Here is the reason to use join: You use it when final result depends on result of two tasks which could run at the same time.
Example1:
After user clicks submit button the program has to call two external webservices to update their respective systems. It can be done at the same time that is why we would create a separate thread for one of webservices.
The user will sit before the screen and wait for a notification: Your submission is OK! The screen should say OK only after both threads finished.
Two things.
Join is used only when one thread must wait for the open to finish (lets say thread A prepares a file and thread B cannot continue until the file is ready). There are instance where threads are independent and no join is needed (for example most of daemon threads).
With threading you get several things:
- mainly, independence in the order of execution. Lets say that you have a program that when you push a button does some heavy processing. If you do that processing in the main thread, you GUI will freeze until the task is finished. If you do the processing in another thread, then the GUI thread is "freed" and the GUI keeps working.

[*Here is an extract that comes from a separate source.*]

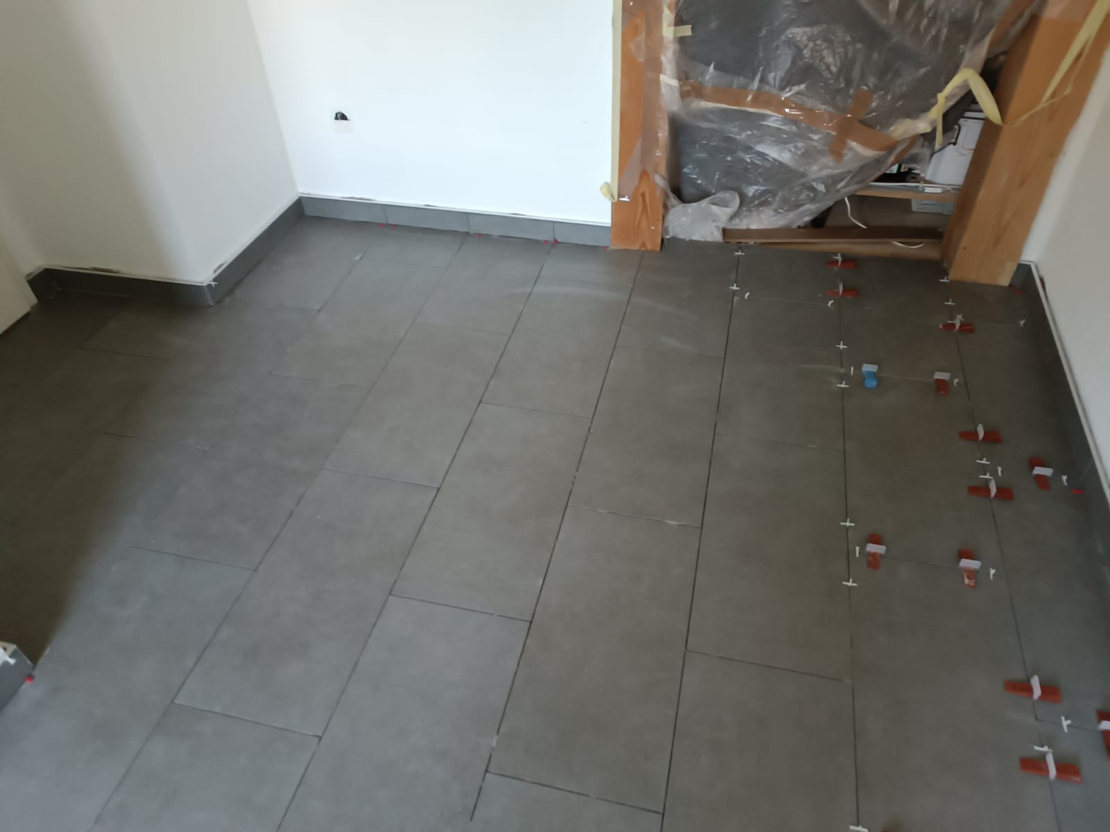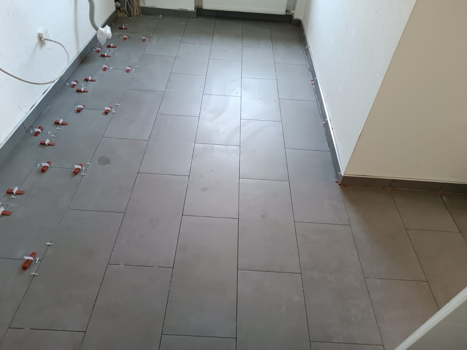 Im Anschluss wurden hochwertige Bodenfliesen millimetergenau verlegt und die Fugen gleichmäßig ausgeführt. Das Resultat ist eine strapazierfähige und pflegeleichte Oberfläche, die nicht nur funktional überzeugt, sondern auch optisch zur Aufwertung des Raumes beiträgt.

- in some (most) of modern computers, creating several threads could allow the OS to use the different cores to serve different threads, improving performance.
The drawback is bigger complexity, as you need information of other threads execution state.
You could use something like a java.util.concurrent.CountDownLatch, eg:
CountDownLatch doneSignal = new CountDownLatch(2);
and have each thread countDown() when they're done, so a main thread knows when both threads have completed.
using Join also like we can add the T2 thread's code inside T1 thread
join() like the method name implies waits for the thread to die and joins it at the end of execution. You can add one thread's code inside another but that would destroy the purpose of using 2 separate threads to run your jobs concurrently. Placing one code after the other would run your statements in sequence. There is no concurrency.
When in doubt, consult the javadocs - http://download.oracle.com/javase/1.5.0/docs/api/java/lang/Thread.html#join%28%29
If T1 and T2 do different tasks which do not depend on state changes caused by each other - you should not join them to reap advantages of parallel execution. In case there are state dependenices you should synchronize both threads using mechanisms like wait/notify or even .Join() depending on your use case.
And as for, combining the run() methods of both threads, it's entirely left to you. I mean, you should understand why both threads are of different "types" (as they have different run() body) in the first place . It's a design aspect and not a performance aspect.
All the parallel threads typically needs to join at some point in the code thereby allowing them to wait until all threads terminate. After this point typically the serial processing continues. This ensures proper synchronisation between peer threads so that subsequent serial code does not begin abruptly before all parallel threads complete the collective activity.
The main difference is when we join T2 thread with T1 ,the time T2 is executing the job can be utilised by T1 also ,that means they will do different job parllely.But this cann't happen when you include the T2 thread code inside T1 thread.